→ **Exercise brief**:
Without including any pictures, write out all the records word for word.

───── Data supplied ─────

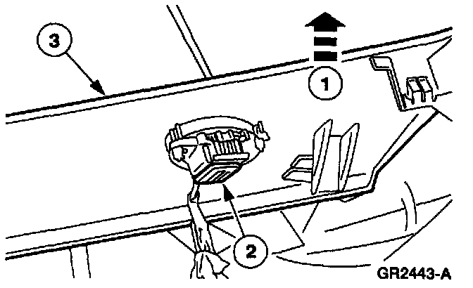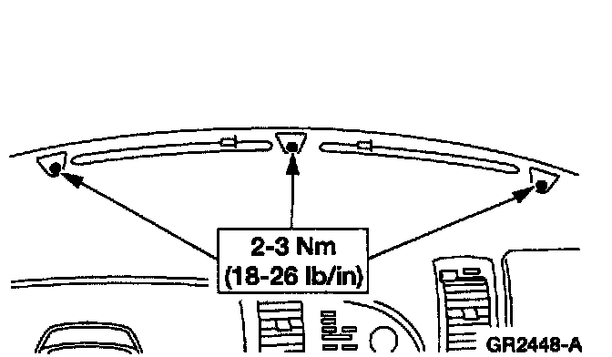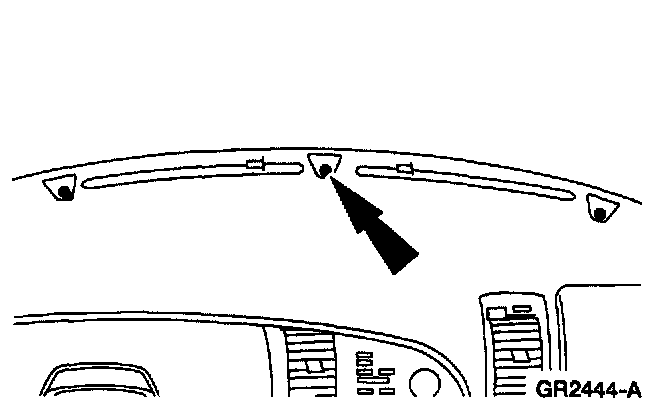 1 Lift upward to release the instrument panel defroster opening grille assembly from the instrument panel.
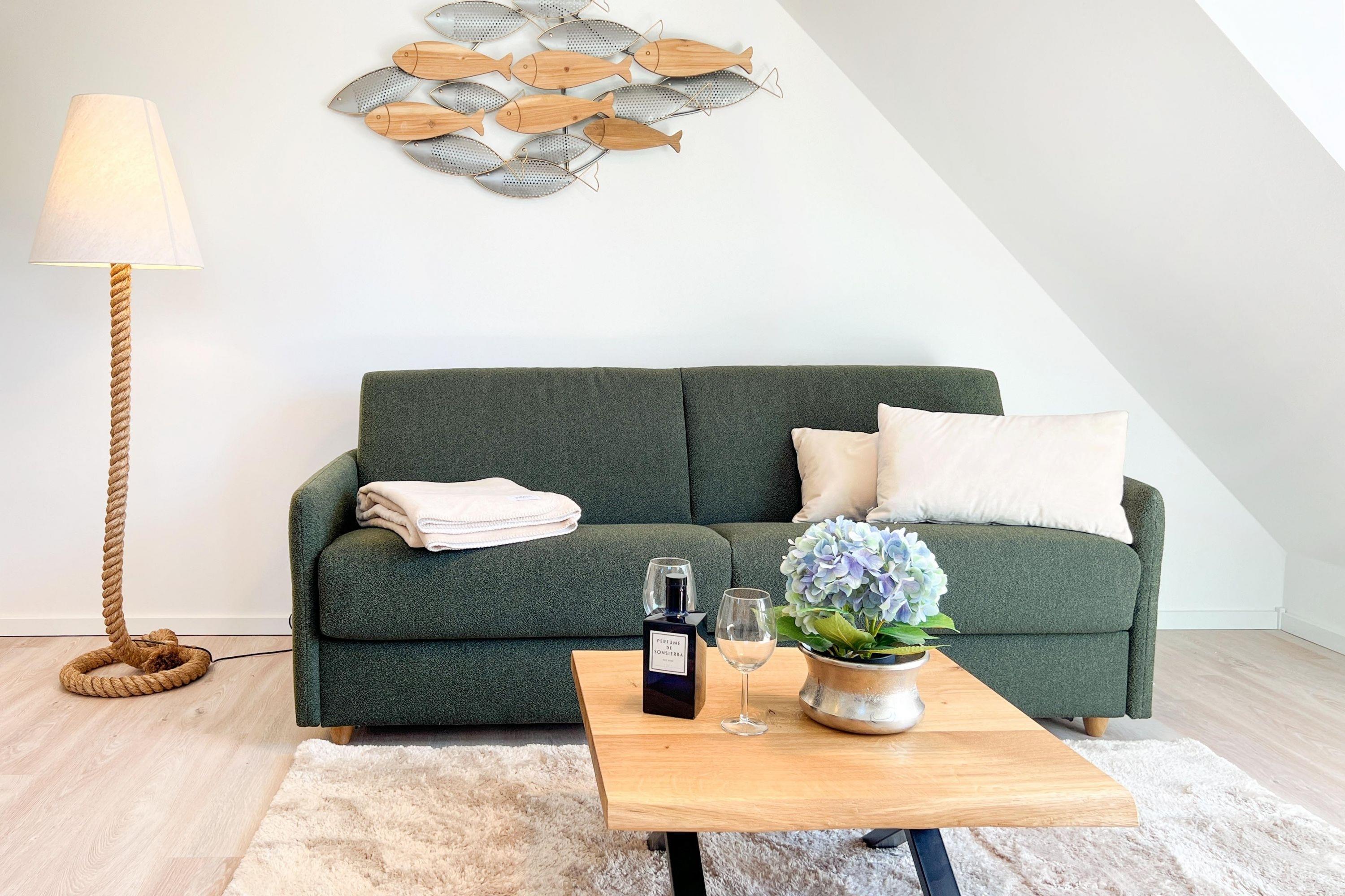 Nach einem Spaziergang am Strand oder einem Tag in der Natur lädt der Wohnbereich zum Entspannen ein.
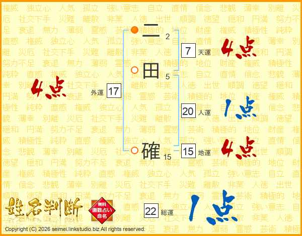 二田確さんの天運は7画の4点!
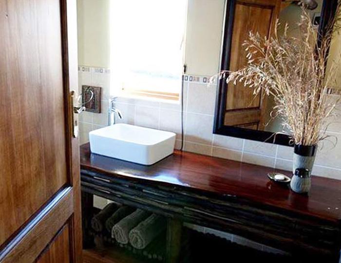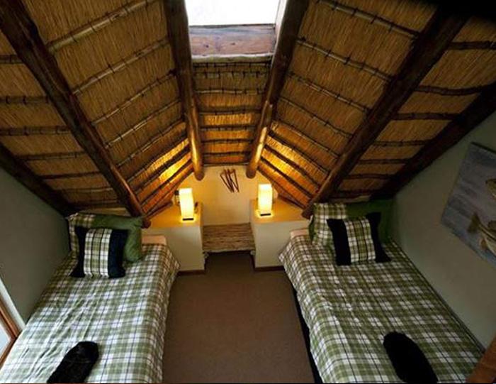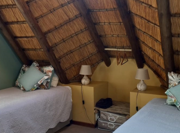 The second bedroom is also situated on the upper level with views of the surrounding mountains. It has twin beds and a bath, basin and toilet.
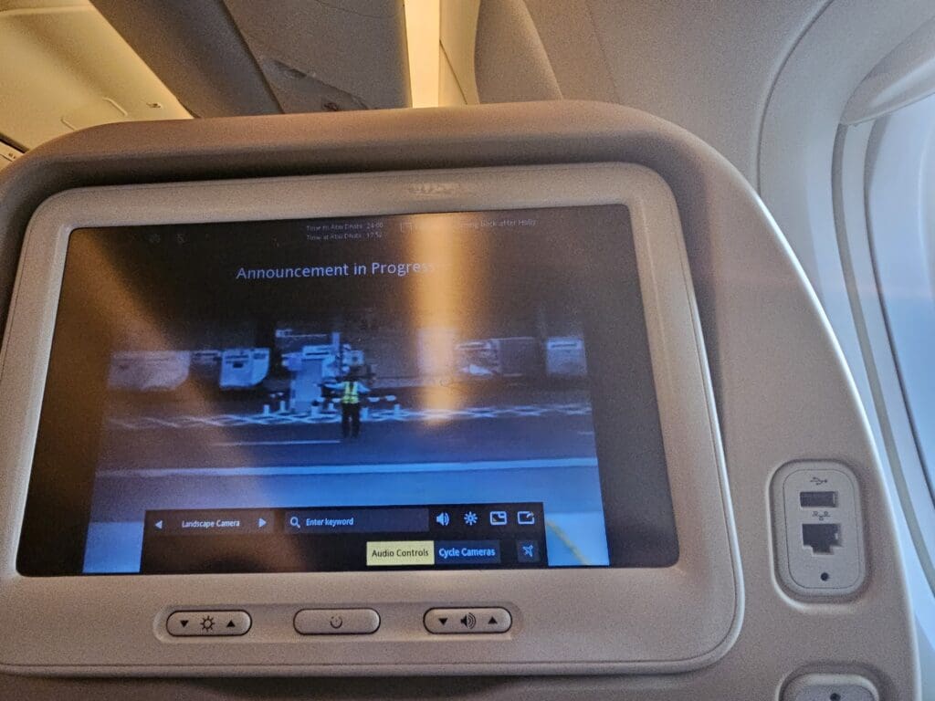 Once the Captain’s announcement had reached its end, the Cabin Manager performed their welcome in Arabic and English as the final ULDs could be seen being loaded onto the aircraft. This announcement consisted of the usual information, however, they also advised passengers that the usage of powerbanks was prohibited during the flight. Whilst this is the first time I’ve heard of these being banned onboard, given the number of incidents involving the combustion of such devices across the world, this is not particularly surprising. That said, I did spot multiple passengers using these throughout the flight so I am not too sure how well this was policed. With ten minutes to go until our departure time, boarding was announced as complete and the ground staff were requested to leave the aircraft.
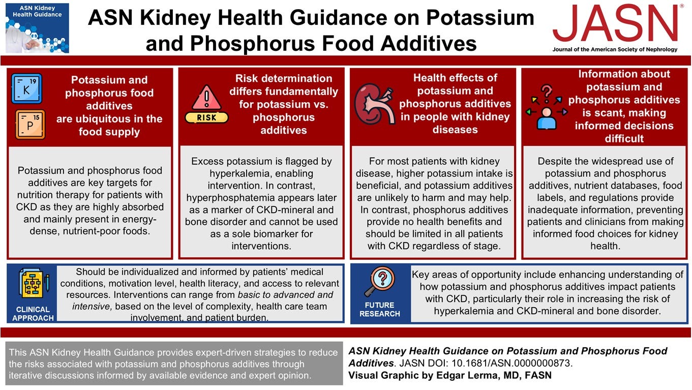 Updated guidance from JASN outlines new strategies to help people with CKD reduce hidden potassium and phosphorus additives in their diets, offering a clearer, tiered framework for clinicians and dietitians. The workgroup recommends basic strategies, like limiting processed foods and encouraging balanced meals, that any clinician can support, while advanced and intensive strategies focus on directly identifying and avoiding additives through label reading, substitutions, and dietitian-led counseling. These approaches aim to reduce additive exposure without overwhelming patients, matching guidance to each person’s food literacy and support needs. (JASN; Purdue Nutrition Science, h/t Annabel Biruete).

─────

→ **Reply**:
 1 Lift upward to release the instrument panel defroster opening grille assembly from the instrument panel.
 Nach einem Spaziergang am Strand oder einem Tag in der Natur lädt der Wohnbereich zum Entspannen ein.
 二田確さんの天運は7画の4点!
 The second bedroom is also situated on the upper level with views of the surrounding mountains. It has twin beds and a bath, basin and toilet.
 Once the Captain’s announcement had reached its end, the Cabin Manager performed their welcome in Arabic and English as the final ULDs could be seen being loaded onto the aircraft. This announcement consisted of the usual information, however, they also advised passengers that the usage of powerbanks was prohibited during the flight. Whilst this is the first time I’ve heard of these being banned onboard, given the number of incidents involving the combustion of such devices across the world, this is not particularly surprising. That said, I did spot multiple passengers using these throughout the flight so I am not too sure how well this was policed. With ten minutes to go until our departure time, boarding was announced as complete and the ground staff were requested to leave the aircraft.
 Updated guidance from JASN outlines new strategies to help people with CKD reduce hidden potassium and phosphorus additives in their diets, offering a clearer, tiered framework for clinicians and dietitians. The workgroup recommends basic strategies, like limiting processed foods and encouraging balanced meals, that any clinician can support, while advanced and intensive strategies focus on directly identifying and avoiding additives through label reading, substitutions, and dietitian-led counseling. These approaches aim to reduce additive exposure without overwhelming patients, matching guidance to each person’s food literacy and support needs. (JASN; Purdue Nutrition Science, h/t Annabel Biruete).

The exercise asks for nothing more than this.